Protein-coding gene in the species Homo sapiens

3-Oxo-5α-steroid 4-dehydrogenase 1 is an enzyme that in humans is encoded by the SRD5A1 gene. It is one of three forms of steroid 5α-reductase.

Steroid 5α-reductase (EC 1.3.99.5) catalyzes, among other reactions, the conversion of testosterone into the more potent androgen, 5α-dihydrotestosterone (DHT). The SRD5A1, SRD5A2, and SRD5A3 genes in humans all encode 5α-reductase isozymes.

== Function ==

The 3-oxo-5α-steroid 4-dehydrogenase 1 enzyme is involved in bile acid biosynthesis, androgen and estrogen metabolism. For instance, the enzyme catalyzes the conversion of testosterone into the more potent androgen, 5α-dihydrotestosterone. It can also catalyze the conversion of progesterone, corticosterone or other steroids, to its corresponding 5α-3-oxo-steroids. This chemical reaction is called 5α-reduction, i.e. the reduction of the Δ5-4 double bond in steroids by catalyzing direct hydride transfer from NADPH to the carbon 5 position of the steroid substrate.

== Regulation ==
The SRD5A1 gene is particularly susceptible to epigenetic regulation, and responsive to environmental stressors at key stages during postnatal development. This regulation leads to increased DNA methylation at the gene's intronic enhancer, and its reduced expression, which have lasting effects on reproductive function.

ETV4 family members bind to ETS DNA-binding sites and both regulate their own expression and the transcription of a subset of genes that are dependent upon testicular luminal fluid factors, including Ggt_pr4, SRD5A1, and Gpx5.

Six-month dietary vitamin E deficiency in rats resulted in a twofold increase in the mRNA level of SRD5A1 gene and a twofold decrease in the mRNA level of GCLM gene but is not directly mediated by changes in promoter DNA methylation.

Insulin increases the expression of 5α-reductase type 1 mRNA via Akt signalling suggest that elevated levels of 5α-reduced androgens seen in hyperinsulinemic conditions might be explained on the basis of a stimulatory effect of insulin on 5α-reductase in granulosa cells leading to impaired follicle growth and ovulation.

== Clinical significance ==
Hyperinsulinemia acutely enhances ACTH effects on both the androgen and glucocorticoid pathways leading to changes in steroid metabolites molar ratios that suggest insulin stimulation of 5α-reductase activity.

PCOS is associated with enhanced androgen and cortisol metabolite excretion and increased 5α-reductase activity that cannot be explained by obesity alone.

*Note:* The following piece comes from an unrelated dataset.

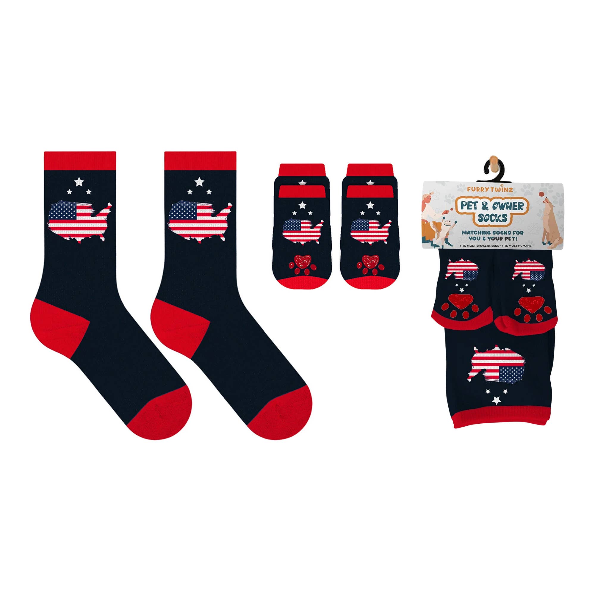 Case Pack: 24 pairs (assorted styles) + free display Description: Crew-style socks designed specifically for small dog breeds. These novelty pet socks are perfect for in-store gifting sections or pet aisles. Each pair offers a snug fit with fun designs to appeal to pet lovers. Socks are machine washable and come individually packaged for resale. A countertop display is included for effective merchandising. Key Features: Designed to fit most small dog breeds Fun, colorful assorted styles Crew silhouette with soft, secure fit Machine washable Great for pet boutiques and gift stores Individually packaged Eye-catching retail display included Case Pack: 24 pairs (assorted styles) + free display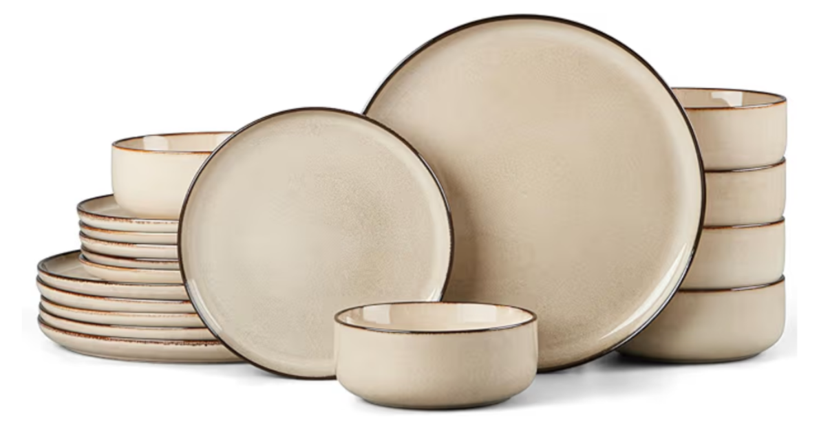ELBA 18 Piece Dinner Set for 6, Durable Stoneware Plates and Bowls for Everyday

Increased adrenal corticosteroid production represents an important pathogenic pathway in PCOS.

Progression to castration-resistant prostate cancer (CRPC) is accompanied by increased expression of SRD5A1 over SRD5A2, which is otherwise the dominant isoenzyme expressed in the prostate. The dominant route of DHT synthesis in human CRPC bypasses testosterone, and instead requires 5α-reduction of androstenedione by SRD5A1 to 5α-androstanedione, which is then converted to DHT fuelling cancer growth.

==Expression==

SRD5A1 gene expression in human tissues, sorted by fragments per kilobase of exon model per million reads mapped (FPKM). The FPKM data is taken from a 2014 study.

In humans, the protein isozyme encoded by the SRD5A1 gene is expressed in esophagus, liver, skin and 24 other tissues.